Fool's Gold, by Gillian Tett-review

Well I call it a review. I read the contents page and the epilogue, and dipped into one or two bits in between.
I'm sure it is a valuable historical record, and should be on the reading list of Economics courses for years to come. But if you have witnessed a car crash, watching a small family car hit by an oncoming sports car driven by a reckless driver, do you really need to know the name of the sports car driver and why he behaved that way? It's not an uncommon event. Recklessness and greed are not uncommon drivers of behaviour.
As a fan of Paul Ormerod, I'm more interested in 'Why most things fail'.
The underlying answer is that human beings vastly overestimate their own abilities. And the more intelligent and/or successful someone is, the more likely this is to be the case. Pack a group of such people together, and common sense goes entirely out the window, replaced by a massive dose of hubris.
So we go for the grand project, a massive centrally controlled state(communism-failed), control of global temperatures (will never happen), and a new global financial model where people only get rich, and 'bubbles' don't happen (subject of Tett's book).

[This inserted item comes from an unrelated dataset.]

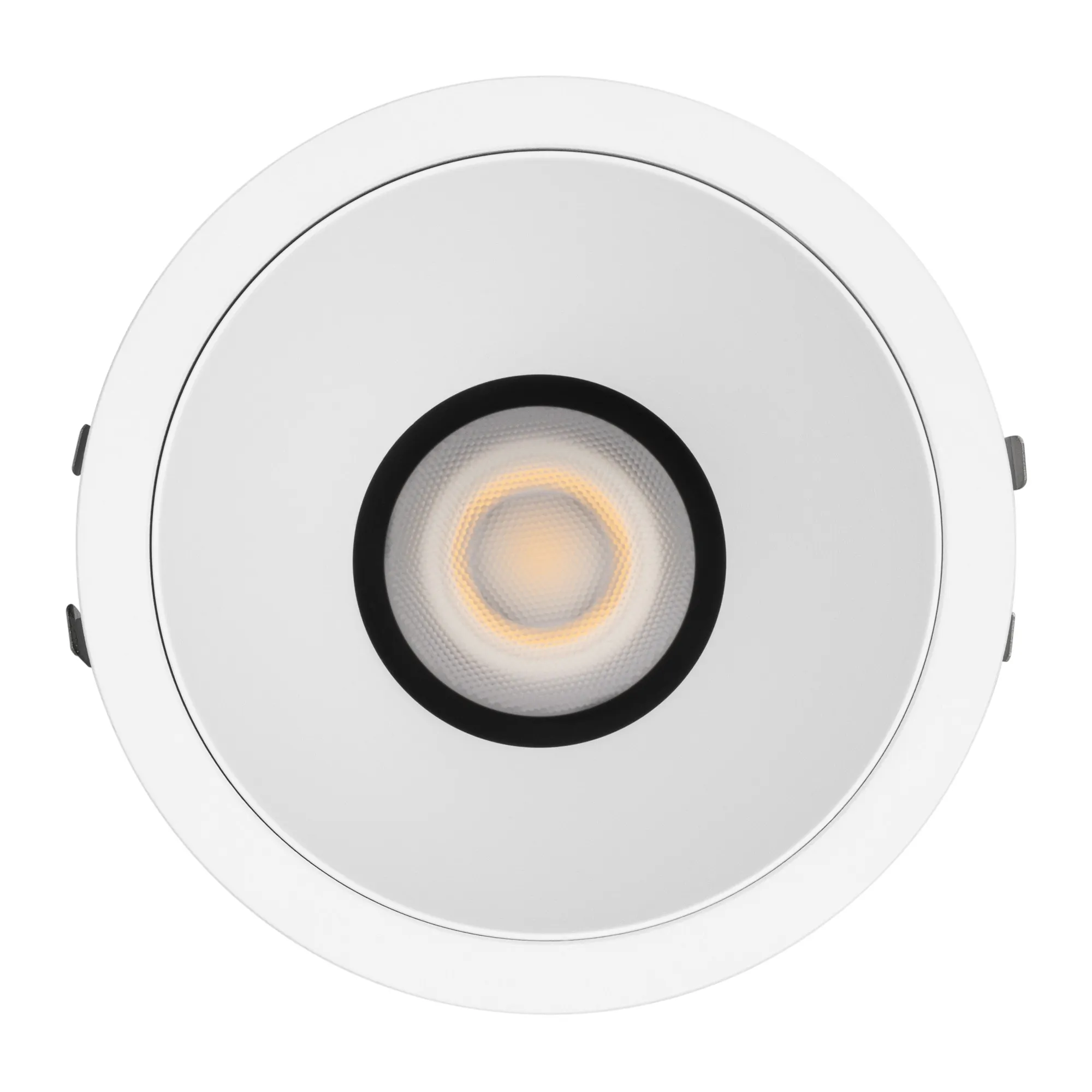 Встраиваемый светильник даунлайт. Мощность 12 Вт, св. поток 905 лм, 75 лм/Вт, теплый 3000 K, CRI>92, угол 55°, напряжение питания 230 В. Белый круглый корпус из алюминия, белый матовый отражатель, степень защиты IP20 . Размер: диаметр 82 мм, высота 86 мм. Монтаж встраиваемый, установочное отверстие: диаметр 75 мм. Драйвер 27-42 В, 280 мА, пульсация <0,5%.

What we really need, is a 'damage limitation' apprach. Manageable projects- a state that provides a structure to society in which individuals can maximise their potential, but leaves them free to choose how to do that- initiatives to limit the excesses of unrestrained economic growth, pollution, environmental destruction, but with specific, acheivable and measurable objectives- and in the financial world, I agree with Gillian Tett's epilogue, which (paraphrased) says that money and credit are too important to be left to bankers. I for one hope I never hear the words 'too big to fail' again.